[letter sent by email to the editors of Editor & Publisher]
Your capsule of the story on the ISB is, in my opinion, a classic example of a reporter hiding behind the skirts of the first amendment. In most things I am a free speech fanatic, but to preserve those rights we must be vigilant that editors do not allow bad journalists to use those rights as a screen for promoting an agenda in the press.
I've been tracking this suit for over a year. There is a reporter who started at the Herald and moved on to the local Fox affiliate who was part of an exposed cabal *coordinating* to defame the ISB and stop their effort to build the mosque. This "ad hoc group," as they called themselves, coordinated a media campaign to stop the ISB from building.

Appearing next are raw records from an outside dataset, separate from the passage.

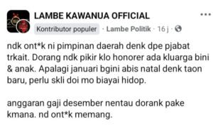 pionnews.com – Kepala Badan Keuangan Dan Aset Daerah (BKAD) Kota Manado, merespon sebuah postingan oleh salah satu netizen pada grup media sosial facebook Lambe Kawanua Official terkait dengan lambatnya pembayaran gaji para honorer di Pemerintahan Kota Manado.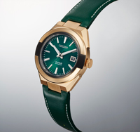 This latest limited-edition model has a striking two-piece bezel that accents the solid, sturdy look of the case. The hands and indexes create a dial that is both simple and eye-catching. The fashionable green color of the dial and strap contrasts with the understated warm gold and grey colors of the case, creating a fresh, new look. Watch functions have a strong emphasis on practicality, utilizing the Cal. 0950 mechanical movement newly developed in 2021. The movement features enhanced magnetic resistance, essential for our modern digital society, providing protection against magnetic fields generated by smartphones, tablets, and other devices that can affect the accuracy of the watch. The movement is just 4.1 mm thick, resulting in a thinner case and an extremely comfortable fit.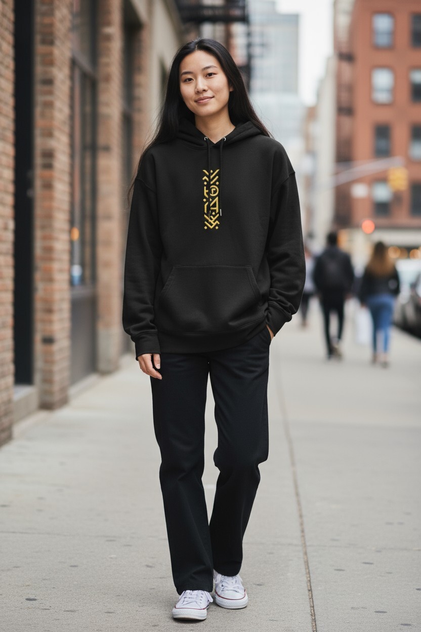 Классический черный цвет худи — это идеальный фон для столь значимой надписи. Черный символизирует глубину, элегантность, таинственность ночной тайги и несгибаемую силу земли. Он универсален, практичен и всегда выглядит стильно, позволяя надписи "Югра", выполненной сибирской вязью, эффектно выделяться, подчеркивая ее важность и особый характер.
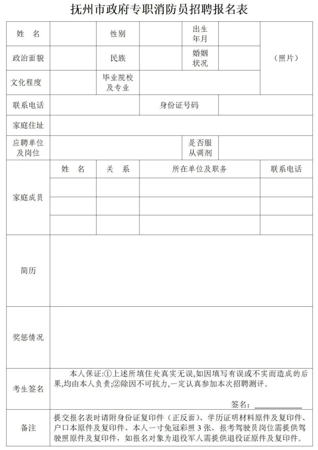 1.抚州市政府专职消防员招聘报名表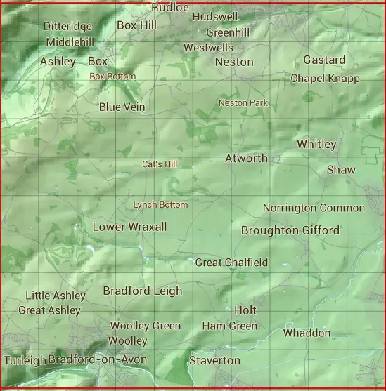 The ST86 10 square kilometre grid intersects with the settlements of Alcombe,Ashley,Atworth,Berryfield,Box,Box Hill,Bradford Leigh,Bradford-on-Avon,Broughton Gifford,Chapel Knapp,Chapel Plaister,Corsham,Gastard,Henley,Holt,Hudswell,Kingsdown,Little Ashley,Lower Wraxall,Melksham,Middlehill,Monkton Farleigh,Neston,Pie Corner,Rudloe,Semington,Shaw,Shockerwick,Staverton,Trowbridge,Turleigh,Wadswick,Whitley & Winsley.

When a reporter has such bad ethics as to participate in such a campaign, and then bring the story to his editors as though he were following journalistic standards, should his editors -- and thereby the outlet for whom he is reporting -- be held liable?
That is the question your publication should be asking, not this pale whining about how reporters' rights were barely upheld.
Yes, the ISB dropped their suit -- and the David Project was in long and quiet negotiation with them to back down the dogs of war in the press and community in exchange. This is not a case where the journalistic community should be crying victory.
That the ISB embraced a low key and patient approach, using MLK-like non-violent tactics, and that a significant number of progressive Jews in our community joined to support them, might also be a better story.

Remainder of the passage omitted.